[Input — start]
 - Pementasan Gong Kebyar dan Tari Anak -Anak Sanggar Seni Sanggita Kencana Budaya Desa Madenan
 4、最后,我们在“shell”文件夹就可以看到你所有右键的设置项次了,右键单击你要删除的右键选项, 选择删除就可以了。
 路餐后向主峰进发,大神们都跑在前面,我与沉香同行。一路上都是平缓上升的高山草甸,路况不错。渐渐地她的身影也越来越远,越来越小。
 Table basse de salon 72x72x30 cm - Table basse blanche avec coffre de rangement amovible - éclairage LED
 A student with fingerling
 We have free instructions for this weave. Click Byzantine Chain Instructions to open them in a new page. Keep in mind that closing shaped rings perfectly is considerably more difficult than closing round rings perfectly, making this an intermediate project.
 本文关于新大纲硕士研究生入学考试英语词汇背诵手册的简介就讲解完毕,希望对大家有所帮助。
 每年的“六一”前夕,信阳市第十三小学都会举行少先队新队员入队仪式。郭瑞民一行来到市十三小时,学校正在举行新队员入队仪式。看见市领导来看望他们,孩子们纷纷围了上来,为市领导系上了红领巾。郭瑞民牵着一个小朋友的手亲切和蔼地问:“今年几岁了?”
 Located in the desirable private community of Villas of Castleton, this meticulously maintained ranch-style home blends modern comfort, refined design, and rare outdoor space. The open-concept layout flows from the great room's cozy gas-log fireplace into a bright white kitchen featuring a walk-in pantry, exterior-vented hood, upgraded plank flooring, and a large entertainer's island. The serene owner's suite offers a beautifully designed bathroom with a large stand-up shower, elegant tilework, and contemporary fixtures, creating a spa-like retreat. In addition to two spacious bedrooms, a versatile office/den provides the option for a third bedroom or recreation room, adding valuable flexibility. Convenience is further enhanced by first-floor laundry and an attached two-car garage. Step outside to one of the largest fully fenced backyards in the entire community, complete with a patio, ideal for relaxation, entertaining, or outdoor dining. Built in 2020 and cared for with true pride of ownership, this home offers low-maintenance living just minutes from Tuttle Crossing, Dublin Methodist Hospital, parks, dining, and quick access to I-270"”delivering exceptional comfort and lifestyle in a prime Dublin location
[Input — finish]
Show all lines in the entries above where the word "with" appears.

■ Task response
 A student with fingerling
 Located in the desirable private community of Villas of Castleton, this meticulously maintained ranch-style home blends modern comfort, refined design, and rare outdoor space. The open-concept layout flows from the great room's cozy gas-log fireplace into a bright white kitchen featuring a walk-in pantry, exterior-vented hood, upgraded plank flooring, and a large entertainer's island. The serene owner's suite offers a beautifully designed bathroom with a large stand-up shower, elegant tilework, and contemporary fixtures, creating a spa-like retreat. In addition to two spacious bedrooms, a versatile office/den provides the option for a third bedroom or recreation room, adding valuable flexibility. Convenience is further enhanced by first-floor laundry and an attached two-car garage. Step outside to one of the largest fully fenced backyards in the entire community, complete with a patio, ideal for relaxation, entertaining, or outdoor dining. Built in 2020 and cared for with true pride of ownership, this home offers low-maintenance living just minutes from Tuttle Crossing, Dublin Methodist Hospital, parks, dining, and quick access to I-270"”delivering exceptional comfort and lifestyle in a prime Dublin location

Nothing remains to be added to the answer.